2025-12-17 01:09:47 - INFO - eeg_pipeline - Data visualization started...


In [2]:
csv_path = os.path.join(BASE_DIR, "pediatric", "adhdata.csv")
if not os.path.exists(csv_path):
    csv_path = os.path.join(BASE_DIR, "adhdata.csv")

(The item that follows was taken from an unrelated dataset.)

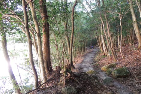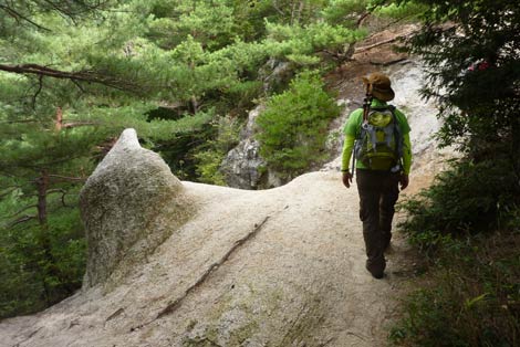 遊歩道をショートカットしてスキーゲレンデを下る |

if os.path.exists(csv_path):
    logger.info("Loading data...")
    df = pd.read_csv(csv_path)
    df.columns = [c.strip() for c in df.columns]
    logger.info(f"Data loaded successfully. Data shape: {df.shape}")
else:
    logger.error("CSV file not found.")

2025-12-17 01:10:19 - INFO - eeg_pipeline - Loading data...
2025-12-17 01:10:21 - INFO - eeg_pipeline - Data loaded successfully. Data shape: (2166383, 21)


In [13]:
def plot_raw_data(df, save_dir):
    plt.figure(figsize=(15, 6))
    channel = 'Fz'
    
    adhd_id = df[df['Class'] == 'ADHD']['ID'].unique()[0]
    control_id = df[df['Class'] == 'Control']['ID'].unique()[0]
    
    adhd_signal = df[df['ID'] == adhd_id][channel].values[:500]
    control_signal = df[df['ID'] == control_id][channel].values[:500]
    
    plt.subplot(1, 2, 1)
    plt.plot(control_signal, color='blue', alpha=0.8)
    plt.title(f"Healthy (Control) - ID: {control_id}\nChannel: {channel}")
    plt.xlabel("Time (Samples)")
    plt.ylabel("Amplitude (uV)")
    plt.grid(True, alpha=0.3)
    
    plt.subplot(1, 2, 2)
    plt.plot(adhd_signal, color='hotpink', alpha=0.8)
    plt.title(f"ADHD - ID: {adhd_id}\nChannel: {channel}")
    plt.xlabel("Time (Samples)")
    plt.grid(True, alpha=0.3)
    
    plt.tight_layout()
    plt.savefig(os.path.join(save_dir, "eda_raw_signal_comparison.png"))
    plt.close()

def plot_average_psd(df, save_dir):
    fs = 128
    channel = 'Fz'
    
    adhd_data = df[df['Class'] == 'ADHD'][channel].values
    control_data = df[df['Class'] == 'Control'][channel].values
    
    np.random.seed(42)
    adhd_sample = np.random.choice(adhd_data, size=min(len(adhd_data), 100000), replace=False)
    control_sample = np.random.choice(control_data, size=min(len(control_data), 100000), replace=False)
    
    f_adhd, p_adhd = welch(adhd_sample, fs=fs, nperseg=256)
    f_cont, p_cont = welch(control_sample, fs=fs, nperseg=256)
    
    plt.figure(figsize=(10, 6))
    plt.semilogy(f_cont, p_cont, label='Healthy (Control) Mean', color='blue', linewidth=2)
    plt.semilogy(f_adhd, p_adhd, label='ADHD Mean', color='hotpink', linewidth=2, linestyle='--')
    
    plt.title("Group Comparison: Frequency Power Spectrum (PSD)", fontsize=14)
    plt.xlabel("Frequency (Hz) - [Delta, Theta, Alpha, Beta]")
    plt.ylabel("Power Density (Log Scale)")
    plt.legend()
    plt.grid(True, alpha=0.3)
    
    plt.savefig(os.path.join(save_dir, "eda_average_psd.png"))
    plt.close()

def plot_correlation_heatmap(df, save_dir):
    channels = [c for c in df.columns if c not in ['Class', 'ID']]
    
    corr_adhd = df[df['Class'] == 'ADHD'][channels].corr()
    corr_control = df[df['Class'] == 'Control'][channels].corr()
    
    plt.figure(figsize=(20, 8))
    
    plt.subplot(1, 2, 1)
    sns.heatmap(corr_control, cmap='Purples', vmin=-1, vmax=1)
    plt.title("Healthy Brain Connectivity (Correlation)")
    
    plt.subplot(1, 2, 2)
    sns.heatmap(corr_adhd, cmap='Purples', vmin=-1, vmax=1)
    plt.title("ADHD Brain Connectivity (Correlation)")
    
    plt.tight_layout()
    plt.savefig(os.path.join(save_dir, "eda_correlation_heatmap.png"))
    plt.close()

In [14]:
save_dir = os.path.join(BASE_DIR, "results", "eda")
os.makedirs(save_dir, exist_ok=True)

if 'df' in locals():
    logger.info("1. Plotting Raw Time Series...")
    plot_raw_data(df, save_dir)
    
    logger.info("2. Plotting Frequency Analysis (PSD)...")
    plot_average_psd(df, save_dir)
    
    logger.info("3. Plotting Correlation Heatmap...")
    plot_correlation_heatmap(df, save_dir)
    
    logger.info("All graphs saved to 'results/eda' folder.")

2025-12-17 01:37:32 - INFO - eeg_pipeline - 1. Plotting Raw Time Series...
2025-12-17 01:37:33 - INFO - eeg_pipeline - 2. Plotting Frequency Analysis (PSD)...
2025-12-17 01:37:33 - INFO - eeg_pipeline - 3. Plotting Correlation Heatmap...
2025-12-17 01:37:35 - INFO - eeg_pipeline - All graphs saved to 'results/eda' folder.